By its limited appeal, Dorchester brings three points of error; Harlow brings thirty-six points of error; and, Hagy brings two cross-points as additional reason for affirming the take-nothing judgment rendered in Hagy's favor on Dorchester's action against him. This appeal presents challenges to: (1) the trial court's construction of the title documents; (2) the trial court's jurisdiction; (3) the trial court's change of venue to Lubbock County; (4) the legal and factual sufficiency of the evidence to support the jury's verdict; (5) the submission of certain issues; (6) the measure of damages (7) the trial court's exclusion of certain evidence; (8) the trial court's charge; (9) the joint and several liability rendered in the judgment; (10) the trial court's failure to award attorney's fees; and (11) the trial court's take-nothing judgment as to Hagy and the Harringtons.

The Title Matter

Dorchester's first point of error and Harlow's first, second, third, fourth, tenth, eleventh and thirty-sixth points of error present the dispute concerning the construction of the title document in question. The oil and gas interest in dispute in this action derives from an "Oil and Gas Mining Lease" dated 21 March 1941, between G.H. Beavers, Linnie D. Beavers, Doris Beavers Mulky, Francis P. Mulky, collectively as lessor, and D.D. Harrington, as lessee. This original "Beavers lease" covered all of Section 117, Block B-2, H & G N Railway Company Survey, Gray County, Texas, the property in question. The record shows that the Beavers lease property became owned one-third each by D.D. Harrington, Lawrence R. Hagy and Stanley Marsh. The Harrington, Hagy and Marsh partnership incorporated under the name of "Panoma Corporation."

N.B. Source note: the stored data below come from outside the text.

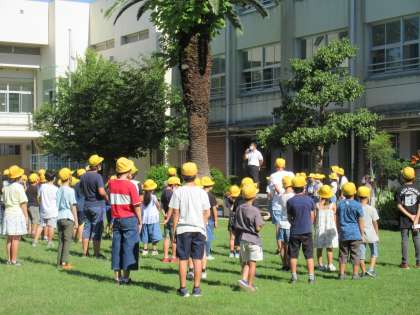 今日は月曜日ですが午後に終業式ああるので、ずっと雨のため延期されていた環境委員会の発表が行われました。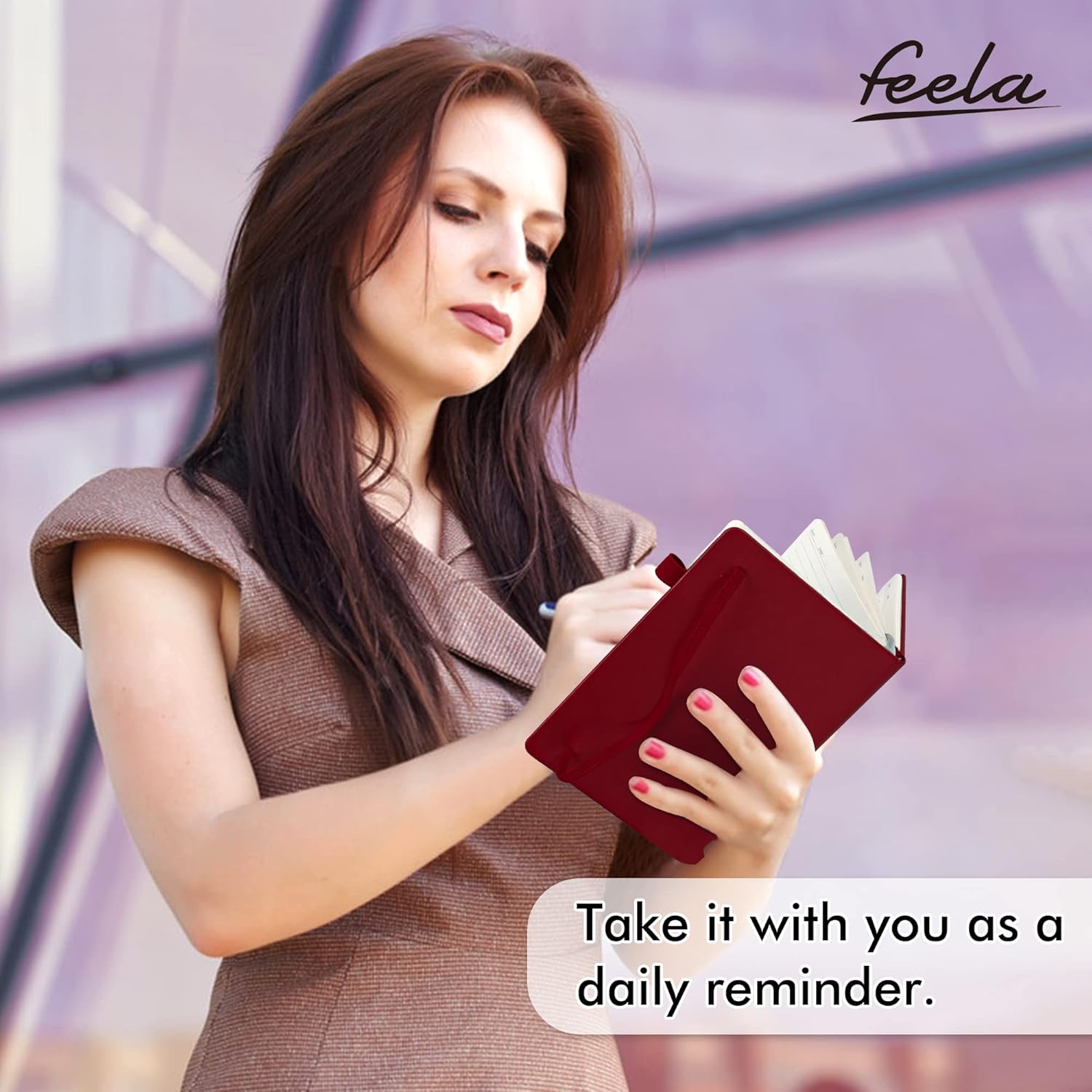 - Feela 12 Pack Classic Ruled Notebooks contains 12 classic wine ruled sturdy cover notebooks and 12 Black Retractable Pens. Each of the notebooks measures 8.3” x 5.1”, which is perfect to carry and easily held by young girls and boys. These black cute pens are customized to be placed in the pen holder, which is pretty convenient.
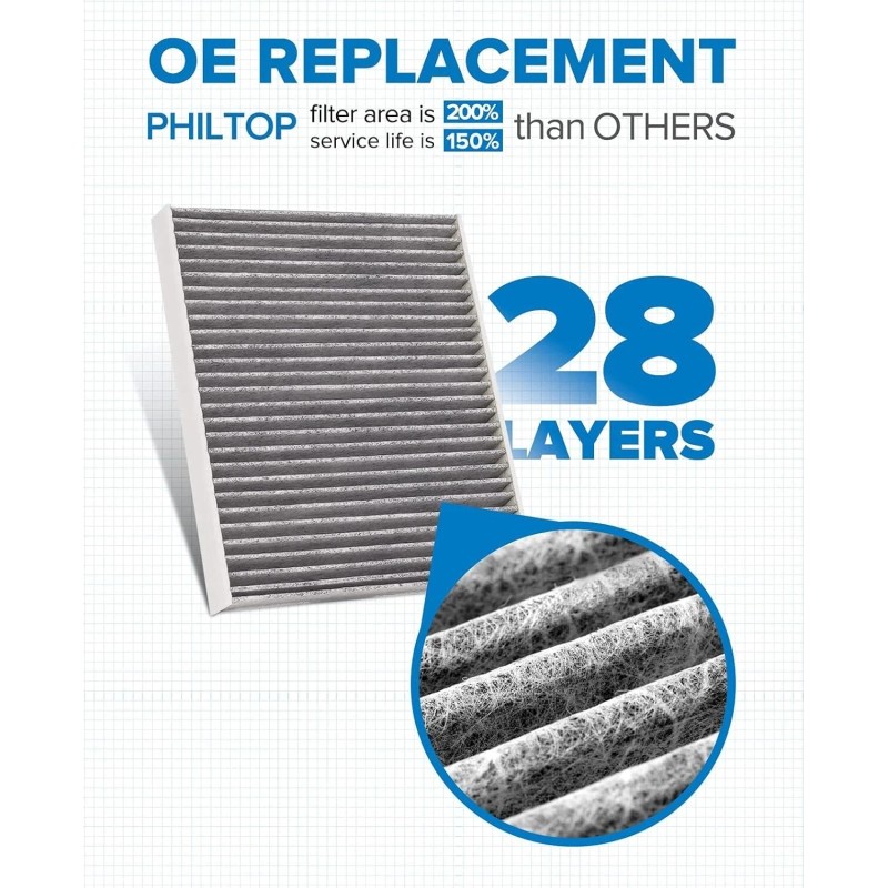 - Triple Efficiency Filtration: PHILTOP cabin air filters are comprised of three layers that provide up to 99% filtration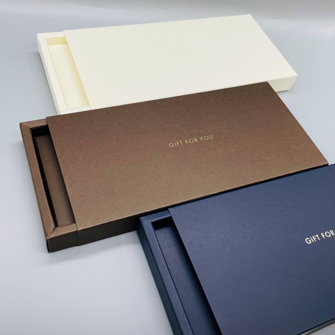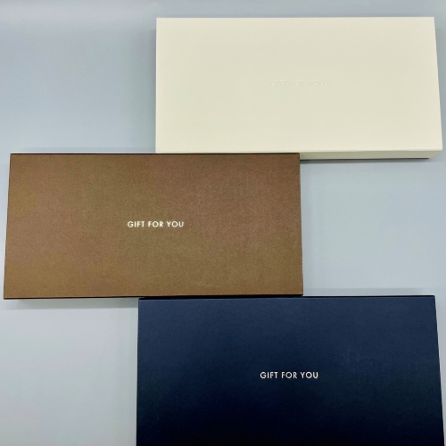 商品券、カードサイズのギフト用のスリーブタイプのギフトボックスです。 ご一緒にご購入いただいた商品券やクオカード、図書カード等を封入してお届けすることが可能です。 少量の商品券や小さなカード1枚でも綺麗に封入することができます。 中の台座を取り外せば商品券が100枚まで入るサイズです。 しっかりとした高級感のある紙製でかしこまったギフトシーンにもご利用いただけます。 色は3種類ご用意しております。 【ホワイト】 ソフトクリームのようなしっとりとした色味です。 【ブラウン】 深みと温かみのある上品なチョコレートカラーです。 【ブルーブラック】 シックで洗礼された印象の青みがかったブラックです。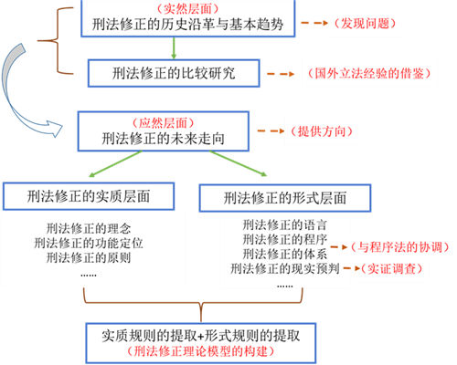 關(guān)于刑法修正的理論模型,主要從兩個維度切入,一是刑法修正的實然層面和應(yīng)然層面;二是刑法修正的形式層面和實質(zhì)層面。在首席專家的帶領(lǐng)下,課題組定期開展課題研討會議,課題基本按照研究計劃穩(wěn)步推進,不斷擴展深度和廣度。
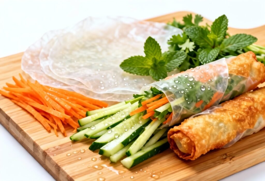 - Assemble the Spring Roll: Lay the softened rice paper wrapper on a clean, flat surface. Place a small amount of each vegetable (carrots, cabbage, bell pepper, bean sprouts, cucumber), rice noodles, mint, and cilantro in the center of the wrapper, leaving about 1 inch of space on all sides.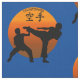 Two Karate Fighters With Rising Sun and word Karate in Japanese language in orange and black colours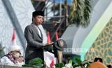 Ketum PBNU Yahya Cholil Staquf menyampaikan sambutan saat acara Resepsi Satu Abad Nahdlatul Ulama di Stadion Gelora Delta Sidoarjo, Jawa Timur, Selasa (7/2/2023). Presiden bersama Wakil Presiden dan sejumlah Menteri Kabinet Indonesia Maju menghadiri acara Resepsi Puncak Satu Abad NU sekaligus meresmikan dan membuka kegiatan tersebut. Acara resepsi tersebut berlangsung selama 24 jam dengan diisi beragam kegiatan seperti membaca shalawat dan shalat qiyamul lail, karnaval kebudayaan nusantara, bazar UMKM, dan panggung hiburan rakyat yang akan diisi oleh sejumlah band dan musisi seperti Slank, Rhoma Irama dan Maher Zain. (FOTO : Republika/Thoudy Badai)
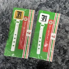 セブンイレブンのプレミアムゴールドキーホルダーとロゴデザインのラバーバンドのセット。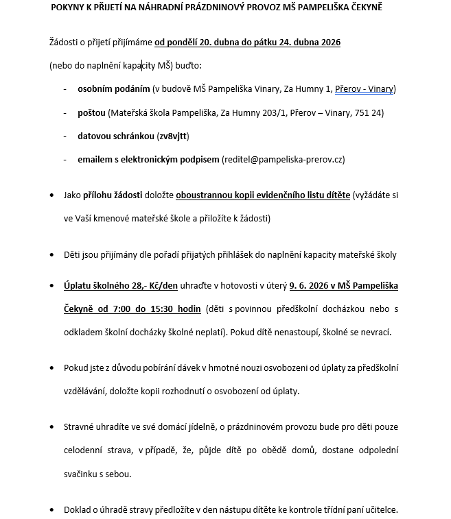 zde jsou uvedeny informace o prázdninovém provozu na Prázdniny 2026. Přihláška je k dispozici v sekci Dokumenty zde Dokumenty.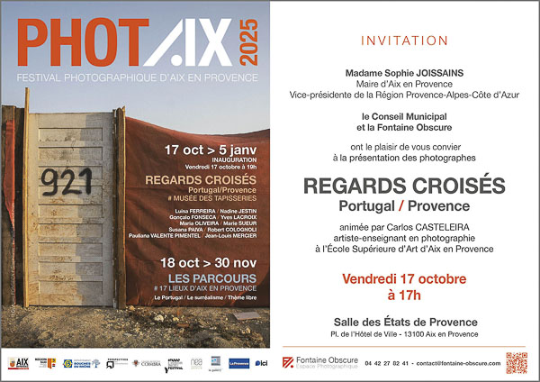 Integrado no festival de fotografia “Phot’Aix”. Portugal, país convidado de honra. Exposição “Regards Croisés «Portugal-Provence»”
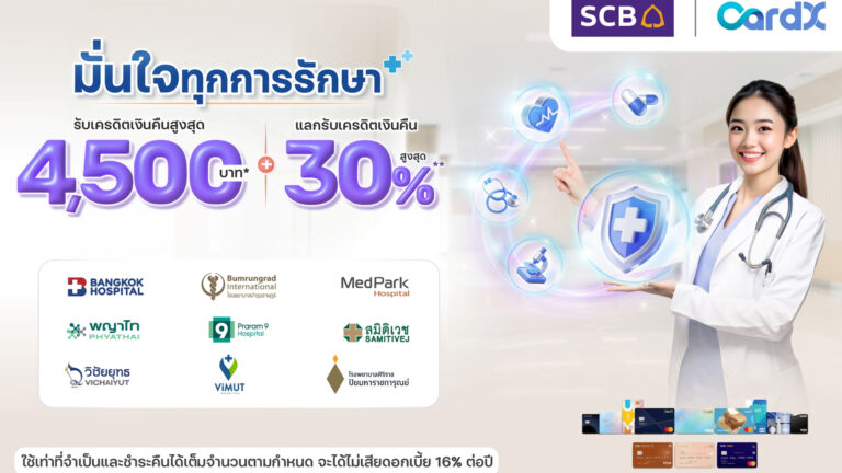 CardX ผนึกพันธมิตร 9 โรงพยาบาลชั้นนำ ส่งแคมเปญ “มั่นใจทุกการรักษา” มอบเครดิตเงินคืนสูงสุด 4,500 บาท และแลกรับเครดิตเงินคืนสูงสุด 30%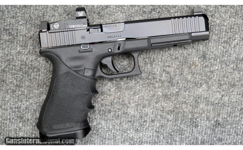 Description: For your consideration, a Glock 34 Gen 5 chambered in 9x19. Sighting consists of a set of suppressor-height irons and a Vortex Venom micro red dot optic. With its factory - connector, forward slide serrations, and optic-ready slide, the 34 Gen 5 is Glock's current premier 9x19 competition oriented offering. The frame is fitted with a Hogue HandALL Beavertail Grip Sleeve and a flared magazine well of unknown manufacture. 9mm Luger SOLD Metal Condition: Very Good+ Wood Condition: Excellent Bore Condition: Excellent Barrels: 5 Triggers: Smooth Face Fore End: Railed Weight: 1.75 lbs Sights: Irons and Red Dot Item Location: Hamburg, PA |

On 1 October 1949, the partners (or their successors in interest) assigned the Beavers lease to the Panoma Corporation. On 29 May 1953, the Panoma Corporation made an "Assignment of Oil Rights" to Lawrence R. Hagy. In pertinent part, the assignment provides:

THAT PANOMA CORPORATION, a Delaware corporation, hereinafter called "Assignor", ... does hereby assign, transfer and convey unto LAWRENCE R. HAGY, of Amarillo, Texas, hereinafter called "Assignee", all of its right, title and interest in and to those certain oil, gas and mineral leases situated in Gray County, Texas, which said leases and leasehold estates, the respective interests owned by Assignor therein, and the lands covered thereby are set forth and fully identified in the schedule attached hereto and marked Exhibit "A", insofar as said leases and leasehold estates cover the oil and oil rights only in and to the producing horizons thereunder which are situated in whole or in part above sea level.

It is expressly understood that Assignor reserves, excepts and retains unto itself, its successors and assigns, the oil rights under said leaseholds and title to all oil in, under and that may be produced from said premises from all producing horizons which are situated in whole below sea level, and it is further understood that this assignment does not cover or include any right, title or interest with respect to the gas or gas rights in, to and under said leaseholds. [emphasis added]

The gas in dispute in this case is situated above sea level.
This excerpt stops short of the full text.